Task details. Go to the line holding "女童牛仔马甲童装春秋儿童无袖上衣法式小香风中大童毛边百搭背心" in the data below and repeat it exactly, then each line after it up to and including the one holding "車輛無故被劃,找誰負責,車輛". Omit pictures.

The records.
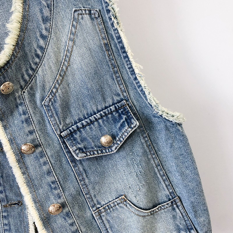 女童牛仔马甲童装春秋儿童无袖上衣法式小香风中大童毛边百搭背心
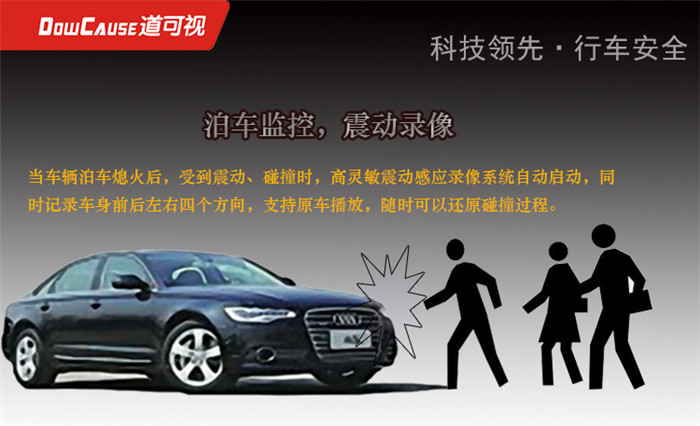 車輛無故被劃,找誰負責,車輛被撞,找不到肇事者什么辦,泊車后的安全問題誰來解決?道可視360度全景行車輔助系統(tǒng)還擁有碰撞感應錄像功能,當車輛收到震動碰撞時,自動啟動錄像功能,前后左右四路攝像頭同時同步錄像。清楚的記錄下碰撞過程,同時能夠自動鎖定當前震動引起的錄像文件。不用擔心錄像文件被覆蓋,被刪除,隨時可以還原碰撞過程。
...
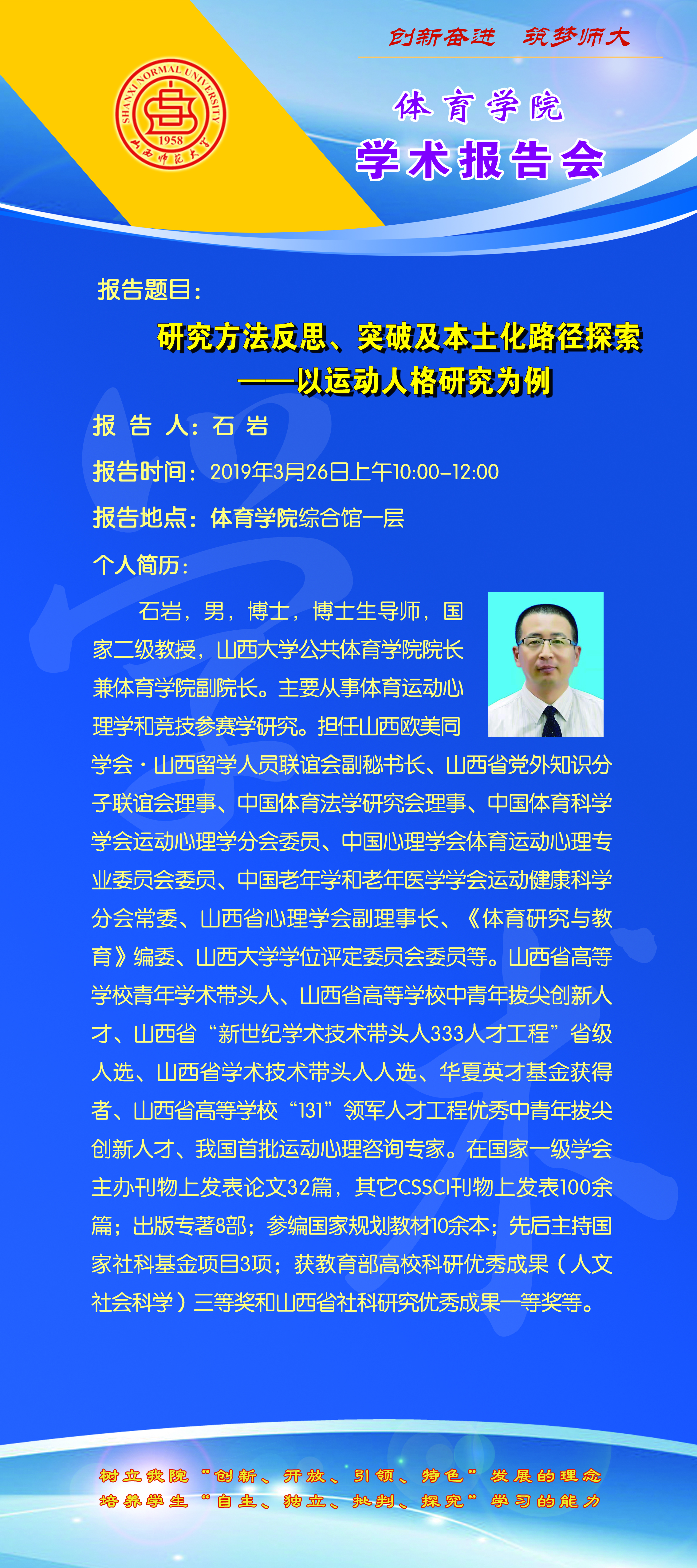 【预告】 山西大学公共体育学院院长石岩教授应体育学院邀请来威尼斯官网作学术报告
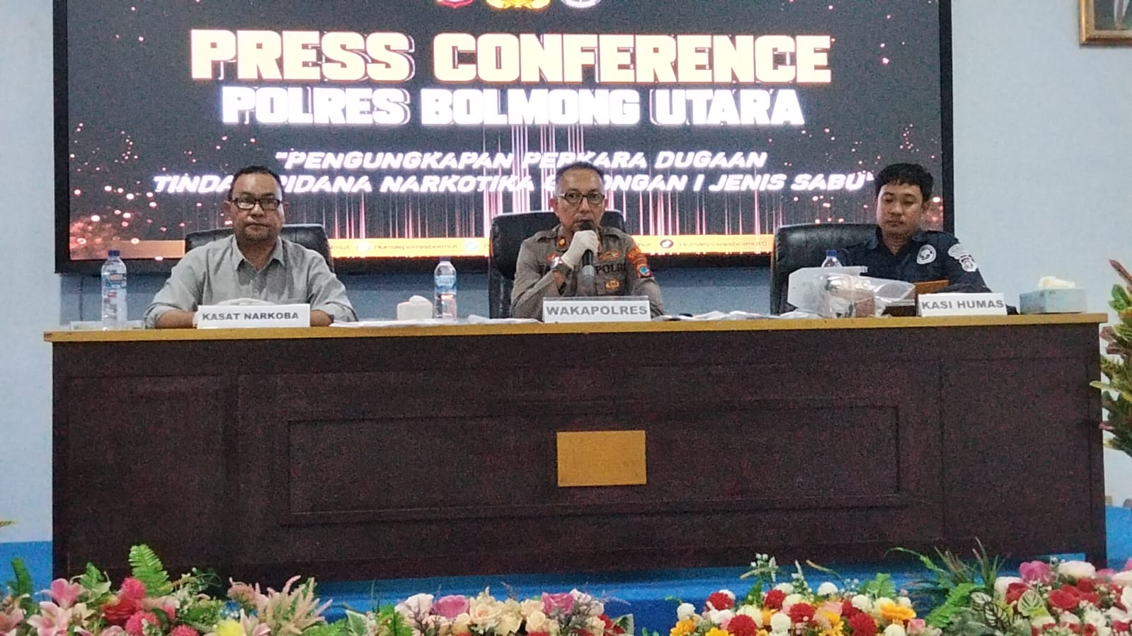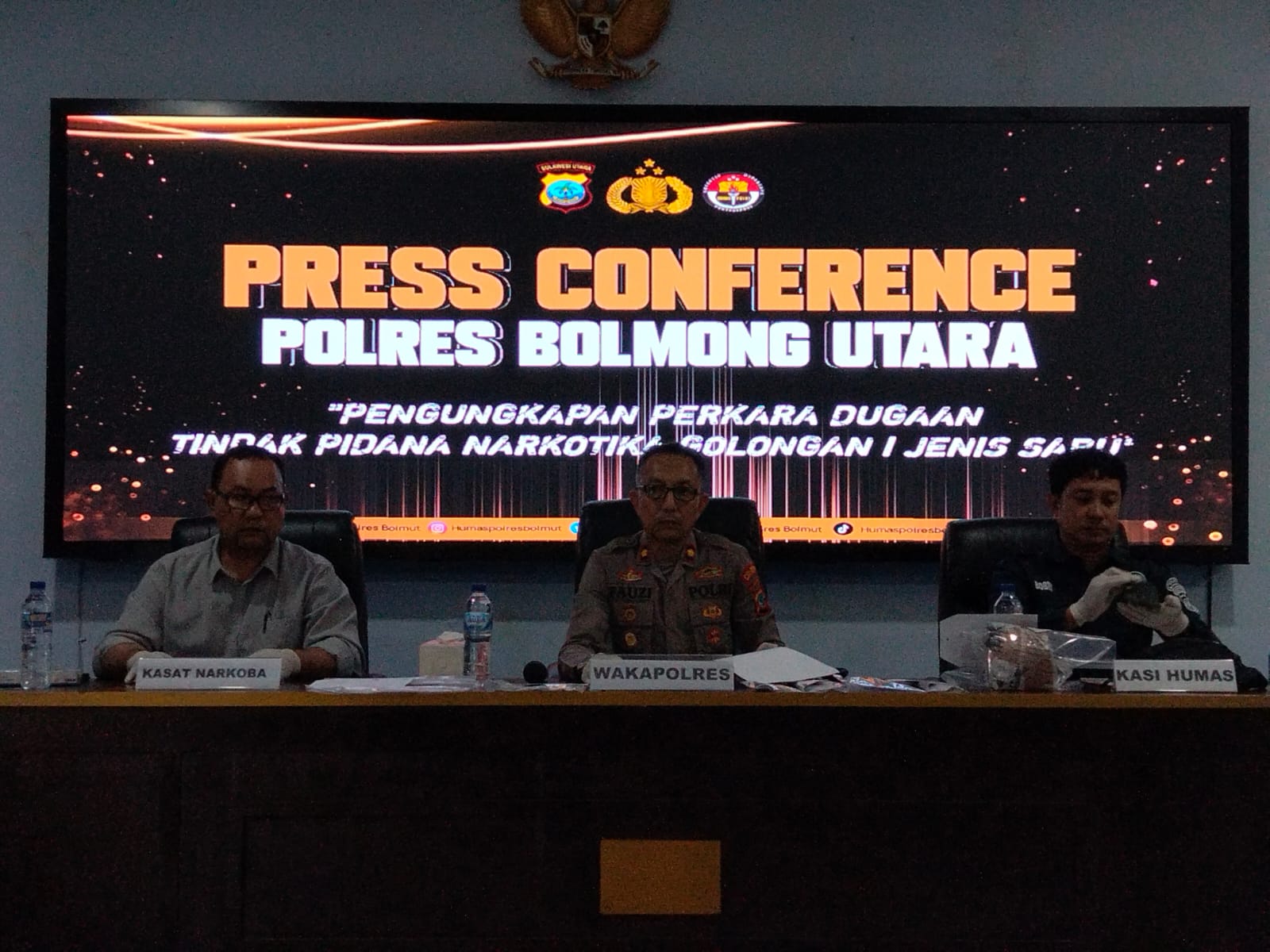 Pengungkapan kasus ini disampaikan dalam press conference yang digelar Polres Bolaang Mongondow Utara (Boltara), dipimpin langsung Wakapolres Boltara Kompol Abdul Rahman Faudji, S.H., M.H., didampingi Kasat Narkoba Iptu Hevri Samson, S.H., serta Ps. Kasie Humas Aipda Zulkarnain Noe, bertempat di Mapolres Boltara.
...
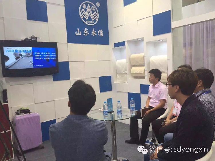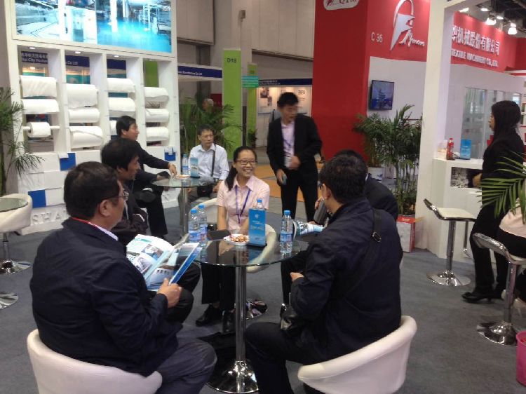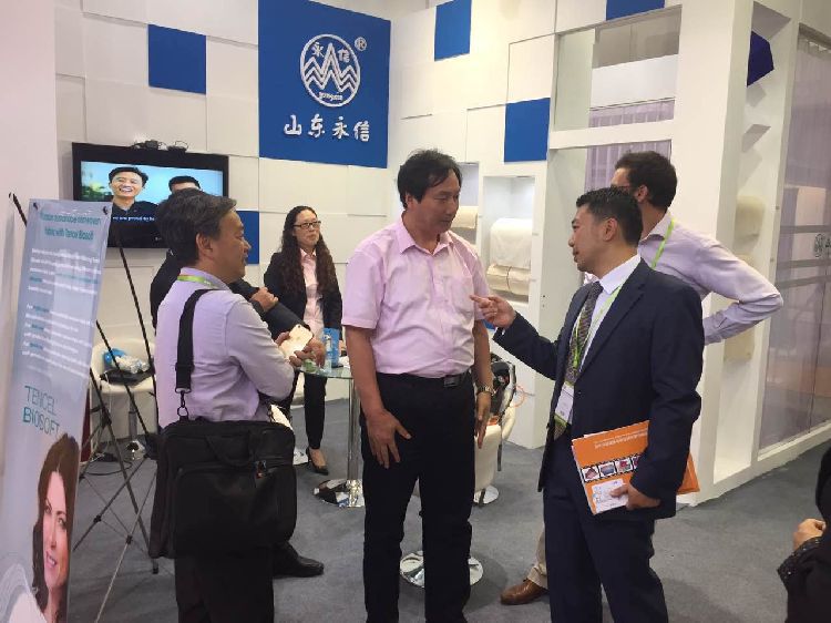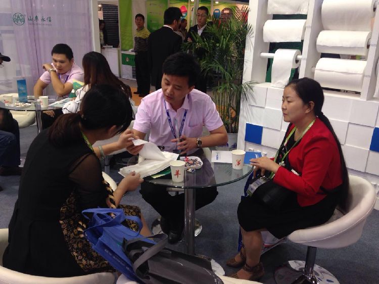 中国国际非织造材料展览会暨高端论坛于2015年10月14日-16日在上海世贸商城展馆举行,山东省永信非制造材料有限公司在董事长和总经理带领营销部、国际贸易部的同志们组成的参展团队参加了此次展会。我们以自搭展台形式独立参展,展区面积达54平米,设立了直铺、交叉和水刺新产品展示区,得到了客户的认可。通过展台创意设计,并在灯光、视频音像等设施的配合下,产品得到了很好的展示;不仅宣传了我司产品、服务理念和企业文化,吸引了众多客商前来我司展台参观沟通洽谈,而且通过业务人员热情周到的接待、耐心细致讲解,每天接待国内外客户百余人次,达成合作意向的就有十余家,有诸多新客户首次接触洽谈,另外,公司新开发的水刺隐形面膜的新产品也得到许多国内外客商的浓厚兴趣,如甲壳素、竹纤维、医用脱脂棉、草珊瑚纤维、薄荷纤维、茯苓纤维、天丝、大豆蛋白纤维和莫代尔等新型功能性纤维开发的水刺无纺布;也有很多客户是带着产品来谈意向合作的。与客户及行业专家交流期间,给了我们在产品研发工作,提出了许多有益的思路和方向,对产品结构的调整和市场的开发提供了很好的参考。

Answer for this exercise.
 女童牛仔马甲童装春秋儿童无袖上衣法式小香风中大童毛边百搭背心
 車輛無故被劃,找誰負責,車輛被撞,找不到肇事者什么辦,泊車后的安全問題誰來解決?道可視360度全景行車輔助系統(tǒng)還擁有碰撞感應錄像功能,當車輛收到震動碰撞時,自動啟動錄像功能,前后左右四路攝像頭同時同步錄像。清楚的記錄下碰撞過程,同時能夠自動鎖定當前震動引起的錄像文件。不用擔心錄像文件被覆蓋,被刪除,隨時可以還原碰撞過程。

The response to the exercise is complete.